Few crimes expose the deeper fault lines of power, entitlement and gendered vulnerability as starkly as acid attacks. According to the Acid Survivors Foundation (ASF), Pakistan continues to witness roughly 200 such cases every year.

Despite the existence of stringent legislation and enhanced sentencing frameworks, the persistence of this violence reveals a sobering reality: the crisis is not the absence of law, but the absence of certainty in enforcement. In criminal justice systems, it is not the severity of punishment that deters crime, but the inevitability of its application.

Acid attacks are calculated instruments of coercion, retaliation and control, designed to permanently disfigure and psychologically dismantle the victim. Yet their persistence cannot be understood solely through the lens of individual intent; it must be situated within a system in which law exists in the abstract but weakens in practice. Investigations are often delayed or inadequately conducted, with limited forensic capacity to properly handle chemical violence. Police response mechanisms remain inconsistent, and evidence collection is frequently compromised at the earliest stages of reporting.

According to the Acid Survivors Foundation (ASF), failures in acid violence cases extend beyond investigation into prosecution. Prosecutorial capacity is often overstretched and lacks the specialised expertise required for complex chemical assault cases, meaning prosecutions tend to fail not on questions of guilt but on procedural breakdowns that erode the chain of causation over time. Survivors are left to navigate prolonged legal processes while enduring severe physical and psychological trauma, frequently compounded by social pressure and intimidation that deters the pursuit of justice. Beyond the courtroom, the continued informal availability of acid in loosely regulated markets sustains the cycle of violence.

The recent case of Dr Mahnoor, a young doctor at Civil Hospital Quetta, brings these systemic weaknesses into sharp relief. Attacked within her workplace by a hospital employee, she suffered severe acid burns to her face and upper body. Although she received immediate emergency treatment and was later transferred for specialised care, the incident highlights a deeper institutional vulnerability: even spaces presumed to be safe are not insulated from gendered violence.

Dr Mahnoor’s case is not an exception in its brutality, but in its visibility, reflecting how ordinary settings can become sites of extraordinary harm when deterrence fails. Within the same incident, the intervention by Abdul Razzaq, a hospital worker who rushed to save her and sustained burns himself, is a reminder of individual courage in moments of institutional absence. But it also highlights a troubling structural truth: protection should not depend on spontaneous heroism.

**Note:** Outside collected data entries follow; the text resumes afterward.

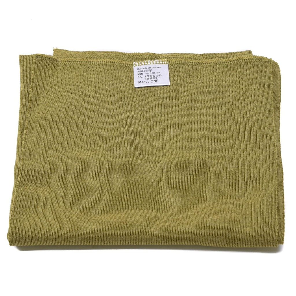 Vi presenterar den mångsidiga khaki-färgade halsduken, tillverkad av en blandning av merinoull och bomull. Denna militära överskottsvara från den holländska armén är äkta och redo för action.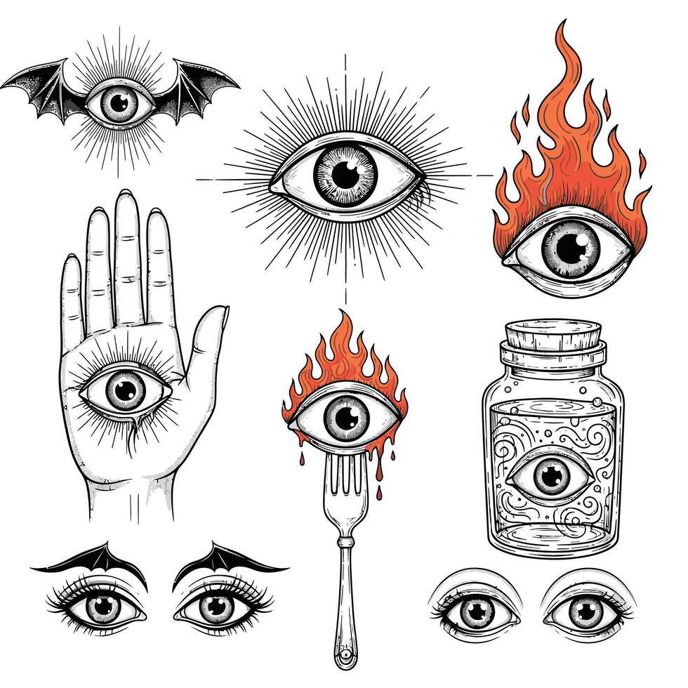 Mystical eyes and occult symbols, a collection of hand-drawn esoteric illustrations featuring eyes in various forms Pro Vector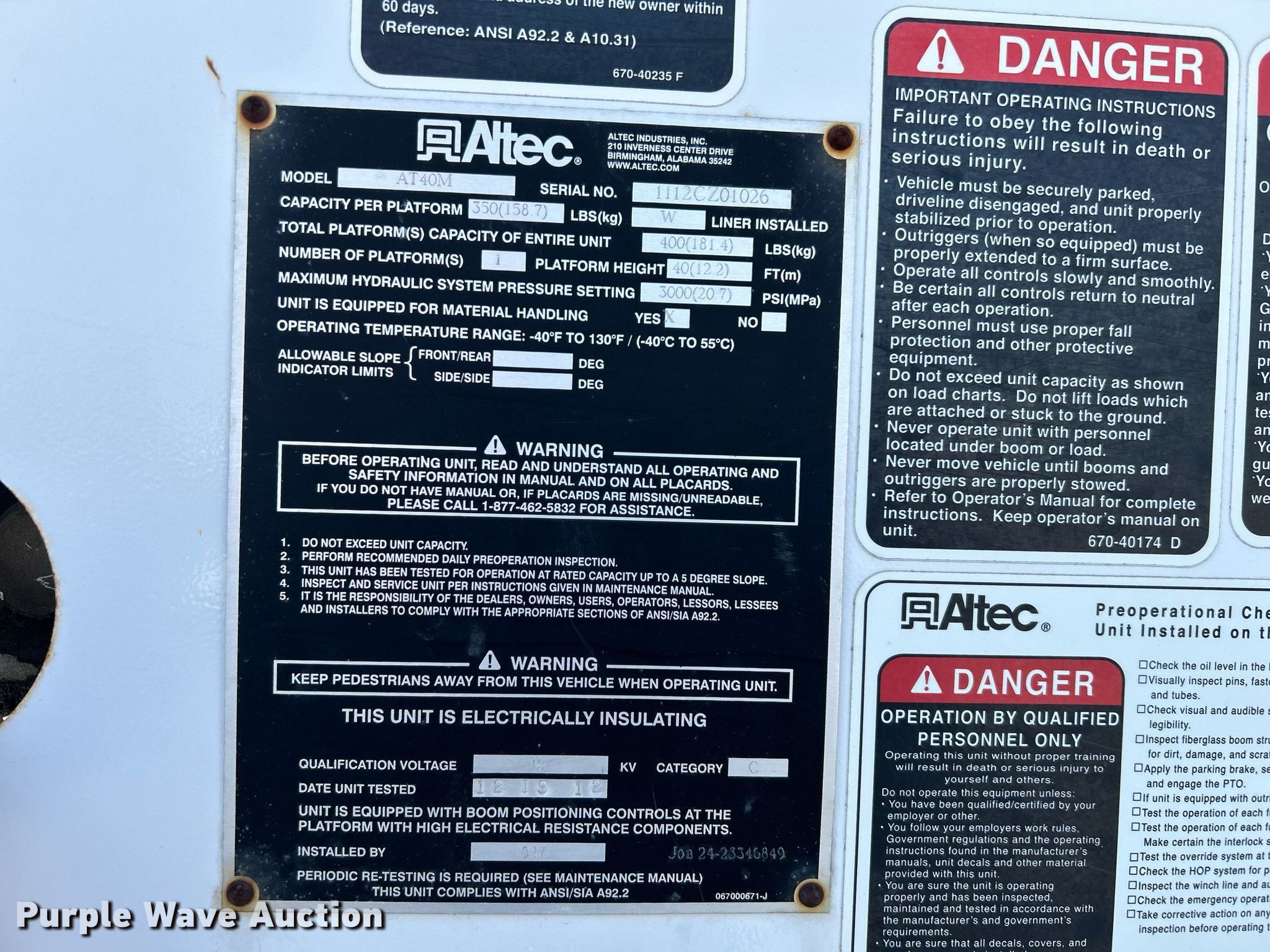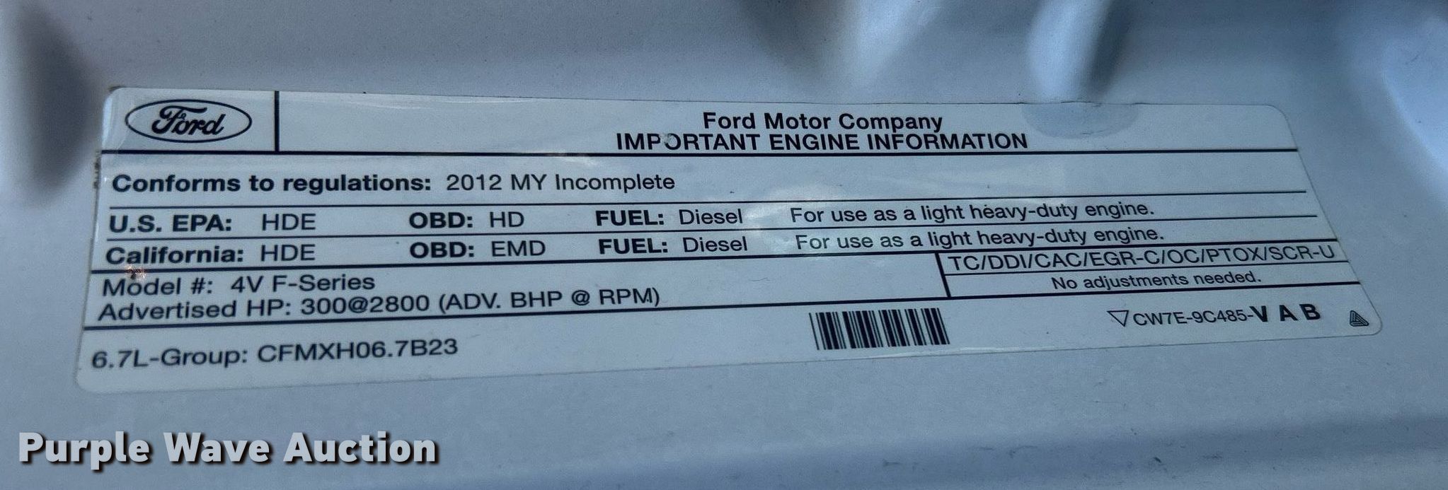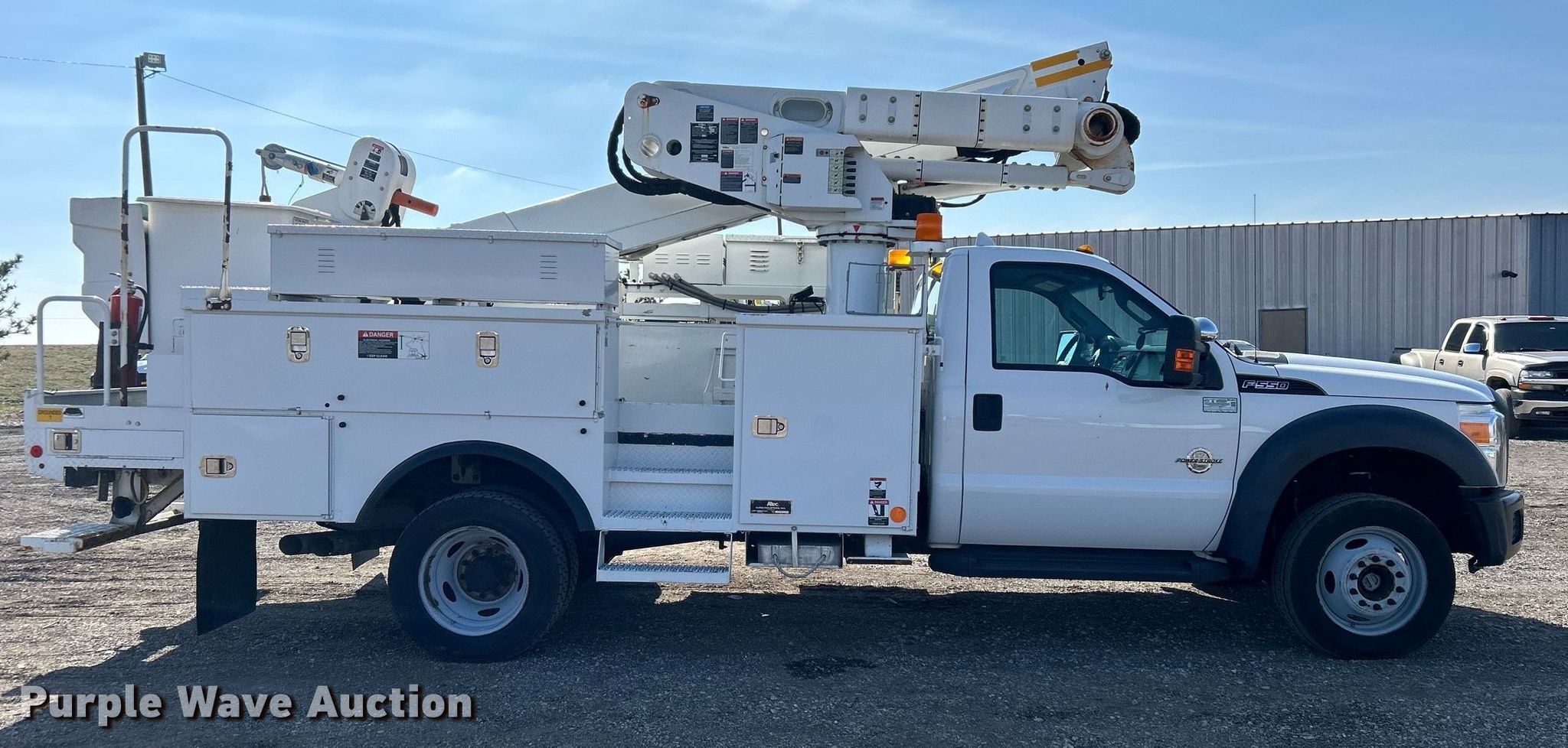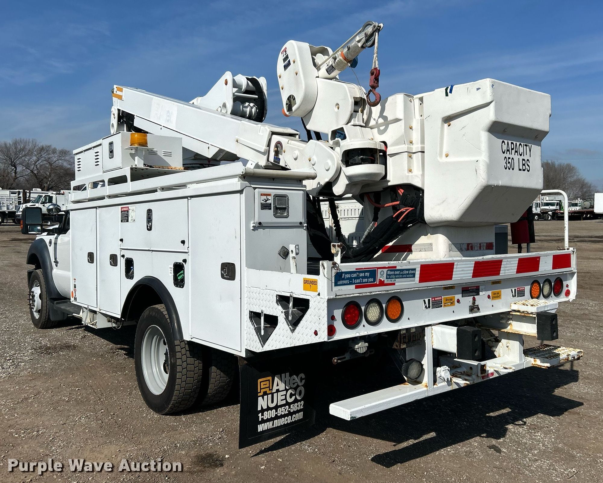 2012 Ford F550 Super Duty bucket truck. Miles: 115,825 on odometer, VIN: 1FDUF5HTXCEC49713. Engine Displacement: 6.7L, Cylinders: 8, Fuel type: Diesel. Transmission Automatic. Chassis Four wheel drive, Axles: Single, Suspension: Spring, Brakes: Hydraulic, PTO, GVWR: 19,500 lbs, Wheelbase: 165". Interior AC, Heat, Heated mirrors, Power windows, Power locks, Cruise control, Auxiliary controls, Brake controller. Features Bed Altec, 11' 2" L x 94" W, Boom 2012 Altec AT40M, Serial: 1112CZ01026, Maximum lift capacity: 350 lbs, Maximum lift height: 40', Boom type: Articulating, Insulated, Telescopic, Man basket, Boom controls Platform/ basket, Material handler. Tires Size: 225/70R19.5. Oklahoma title. Title distribution may be delayed up to 14 days from verification of funds. 15107 North 137th East Avenue. Collinsville, OK 74021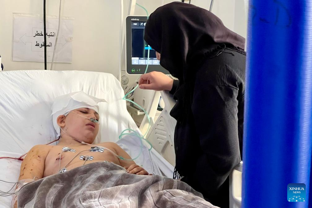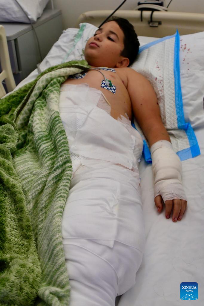 A boy injured in an Israeli attack receives treatment at a hospital in Nabatieh, southern Lebanon, on Sept. 16, 2025. The Israeli military said late on Monday it struck a Hezbollah command site in southern Lebanon, as cross-border tensions persist despite a ceasefire. (Photo by Ali Hashisho/Xinhua)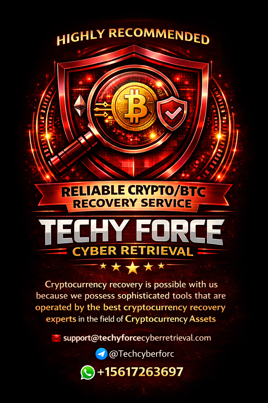 CONTACT THE BEST ETHEREUM & USDT RECOVERY EXPERT- FOR HIRE, VISIT TECHY FORCE CYBER RETRIEVAL As the world becomes increasingly digital, the threat of cryptocurrency scams continues to loom large. In my case, I fell victim to such a scam in 2025, losing a substantial sum of $445,000. The feeling of loss and frustration that followed was overwhelming, with many experts dismissing my chances of recovery due to the irreversible nature of cryptocurrency transactions and the anonymity that comes with them. However, I was fortunate to come across Techy Force Cyber Retrieval, a reputable recovery service that specializes in retrieving lost or stolen cryptocurrency. Initially, I was apprehensive, given the numerous horror stories of recovery services that turn out to be scams themselves. But after conducting thorough research and speaking with the team at Techy Force, I was impressed by their transparency, professionalism, and commitment to helping victims like myself. What struck me was the team's willingness to listen to my situation and provide a clear, step-by-step explanation of their recovery process. They walked me through the various methods they employ to track and retrieve lost funds, and their expertise in navigating the complexities of cryptocurrency transactions was evident. The team's dedication to their craft and their passion for helping victims of scams like mine was genuinely reassuring. Despite the odds, I decided to take a chance and work with Techy Force Cyber Retrieval. I must say that I was pleasantly surprised by the outcome. The team's expertise and perseverance paid off, and I was able to recover a significant portion of my lost funds. The experience was a sobering reminder of the importance of vigilance and caution when dealing with cryptocurrency, but it also highlighted the value of having a reliable and trustworthy recovery service like Techy Force Cyber Retrieval. In retrospect, I would advise anyone who finds themselves in a similar situation to approach recovery services with caution, but not to dismiss the possibility of recovery altogether. With the right expertise and support, it is possible to recover lost funds, even in the face of seemingly insurmountable odds. My experience with Techy Force Cyber Retrieval has been a testament to the importance of persistence and the value of seeking help from reputable professionals in the field. Hire Techy Force Cyber Retrieval On WhatsApp https://wa.link/kiwcir

In a notable judgment reported from the Supreme Court of Pakistan, a three-member bench emphasised that acid attacks are more heinous than homicide. The reasoning is clear: while homicide ends life, acid violence prolongs suffering, inflicts irreversible disfigurement and imposes lifelong social exclusion. Yet, judicial recognition alone cannot compensate for institutional fragility at the investigative and prosecutorial levels.

A central dimension of this fragility lies in regulatory neglect. Although legal frameworks exist to govern hazardous substances, enforcement over the sale, transport and storage of acid remains inconsistent. Informal markets continue to operate with minimal oversight, ensuring that corrosive substances remain easily obtainable. This accessibility is a direct enabler of violence. When the means of harm are readily available and deterrence is uncertain, legal prohibition loses practical force.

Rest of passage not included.